Campaign Performance Table
The Campaign Performance table compares all active campaigns side-by-side—showing which campaigns drive traffic, conversions, and revenue using first-touch attribution.
Quick start
1. Select a domain (and optionally a conversion path)
2. Review the campaign rows showing sessions, conversions, and revenue
3. Click the expand button on any channel row to see traffic sources
4. Compare CVR (conversion rate) across campaigns to identify top performers
Understanding the table

Table structure
The table uses a hierarchical layout. Campaign header rows show totals for each campaign. Channel rows beneath show the breakdown by marketing channel. Expanding a channel row reveals the traffic sources (utm_source values) within that channel.
Table columns
| Column | What it shows |
| Campaign | The utm_campaign value. '(direct)' indicates traffic without campaign tagging. |
| Sessions | Number of sessions attributed to this campaign using first-touch attribution. |
| Converters | Sessions that resulted in at least one path completion. Each session counts once regardless of multiple conversions. |
| Revenue | Total revenue from converting sessions attributed to this campaign. |
| CVR | Conversion rate: (Converters ÷ Sessions) × 100. Higher percentages indicate more effective campaigns. |
Attribution model
This table uses first-touch attribution. Sessions are credited to the campaign and channel from their first tracked touchpoint. This reveals which campaigns introduce new visitors to your site.
Path-scoped vs sitewide mode
The table behaves differently depending on whether a conversion path is selected:
| Mode | What it measures |
| Sitewide (no path) | Sessions: All sessions with tracked touchpoints. Converters/Revenue: Any path completion on the site. |
| Path-scoped | Sessions: Only sessions that entered the selected funnel. Converters/Revenue: Only completions of the selected path. |
Path-scoped mode provides more focused analysis but may show fewer sessions since it only includes funnel entrants.
Drilling into sources
Click the expand button (chevron) on any channel row to reveal the traffic sources within that campaign and channel combination. Sources are identified by utm_source values. 'direct' indicates traffic without source tagging.
Source rows show sessions, converters, and revenue for each specific traffic source, helping identify which platforms or referrers drive the best results within a campaign.
What should I do next?
| If you see... | Then... |
| Campaign with high sessions but low CVR | Traffic quality issue. Review targeting, landing pages, or audience fit for this campaign. |
| Campaign with high CVR but few sessions | Well-targeted but under-scaled. Consider increasing budget or reach for this campaign. |
| (direct) campaign dominates | UTM tagging may be incomplete. Review all marketing links to ensure proper campaign tagging. |
| Channel performs differently across campaigns | Campaign-specific factors at play. Compare messaging, offers, or audiences between campaigns. |
| High revenue but low converter count | High-value conversions. This campaign attracts fewer but more valuable customers. |
| Source within channel significantly outperforms | Double down on that source.

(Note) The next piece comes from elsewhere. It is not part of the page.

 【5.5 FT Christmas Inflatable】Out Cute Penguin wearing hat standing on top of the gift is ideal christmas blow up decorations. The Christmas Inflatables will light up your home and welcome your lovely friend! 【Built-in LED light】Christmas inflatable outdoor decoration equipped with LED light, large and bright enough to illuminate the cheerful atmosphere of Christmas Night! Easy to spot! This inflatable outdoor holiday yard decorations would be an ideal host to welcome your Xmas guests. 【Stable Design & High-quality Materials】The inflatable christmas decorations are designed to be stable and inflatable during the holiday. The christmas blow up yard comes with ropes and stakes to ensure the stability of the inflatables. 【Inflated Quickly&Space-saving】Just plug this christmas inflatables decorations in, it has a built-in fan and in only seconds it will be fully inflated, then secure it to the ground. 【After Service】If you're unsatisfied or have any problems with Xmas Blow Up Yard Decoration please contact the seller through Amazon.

Consider shifting budget from underperforming sources. |
Troubleshooting
Table is not visible
The Campaign Performance table requires cookie-based tracking. If the domain uses cookieless tracking, the section is hidden. First-touch attribution requires visitor journey data.
'(direct)' shows most traffic
Traffic without utm_campaign parameters appears as '(direct)'. Review your marketing links to ensure proper UTM tagging. Internal links should generally not have campaign parameters.

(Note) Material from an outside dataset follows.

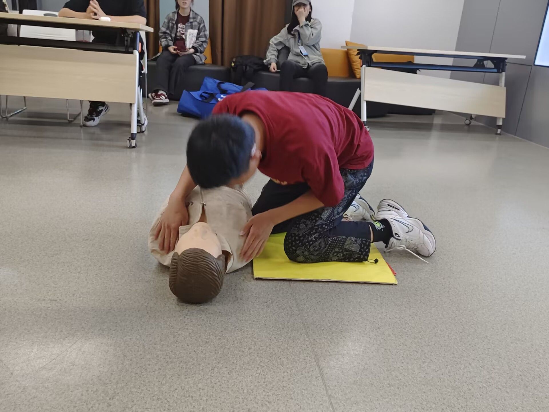 何立新作为安徽省健康服务业协会公共急救分会第一届委员会常务委员、安徽省红十字会培训中心授课教师有着非常丰富的急救经验。本次授课主要围绕心脏骤停、食道异物堵塞、中暑、烧伤、烫伤等情景讲授相关急救知识,重点讲授徒手心肺复苏的全过程及操作要领,急救过程中如何清理口腔异物,人工呼吸、胸外按压等急救规范动作,现场利用人体模型进行模拟急救实操。何老师还与同学们深入互动,让同学们上台进行徒手心肺复苏“实战”演练,从环境评估到胸外按压再到人工呼吸,何老师在旁边细心指正,严格按照标淮步骤与动作,让同学们切实掌握实操技能。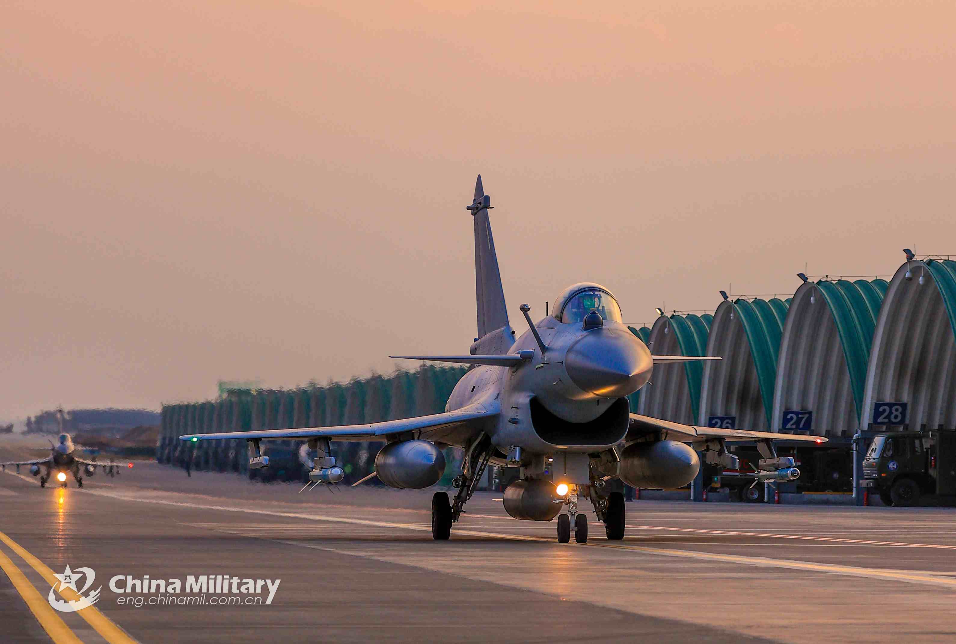 A fighter jet attached to an air force aviation brigade under the PLA Southern Theater Command taxies on the flightline before takeoff during a round-the-clock flight training exercise on March 4, 2021. (eng.chinamil.com.cn/Photo by Wang Guoyun)

Numbers differ from other reports
This table uses first-touch attribution at the session level. Other reports may use last-click attribution or count conversion events differently. Compare using the same attribution model.
Path-scoped mode shows fewer sessions
This is expected. Path-scoped mode only counts sessions that entered the selected funnel at step 1. Sitewide mode counts all sessions with tracked touchpoints.
FAQ
What does 'first-touch' attribution mean?
First-touch attribution credits the entire session to the campaign and channel from the visitor's first tracked interaction. This helps identify which campaigns introduce new visitors.
Why is 'Converters' different from conversion count?
'Converters' counts unique sessions that had at least one conversion. A session with three purchases counts as one converter. This prevents campaigns from appearing inflated due to multi-purchase sessions.
What's the difference between channel and source?
Channel is the marketing category (Paid Search, Email, Social, etc.). Source is the specific platform or referrer within that channel (google, facebook, newsletter, etc.). Expand channel rows to see source breakdown.
Why does currency show 'MIXED'?
When conversions within a campaign use different currencies, the table displays 'MIXED' rather than attempting to combine incompatible values. Filter by path to see single-currency results.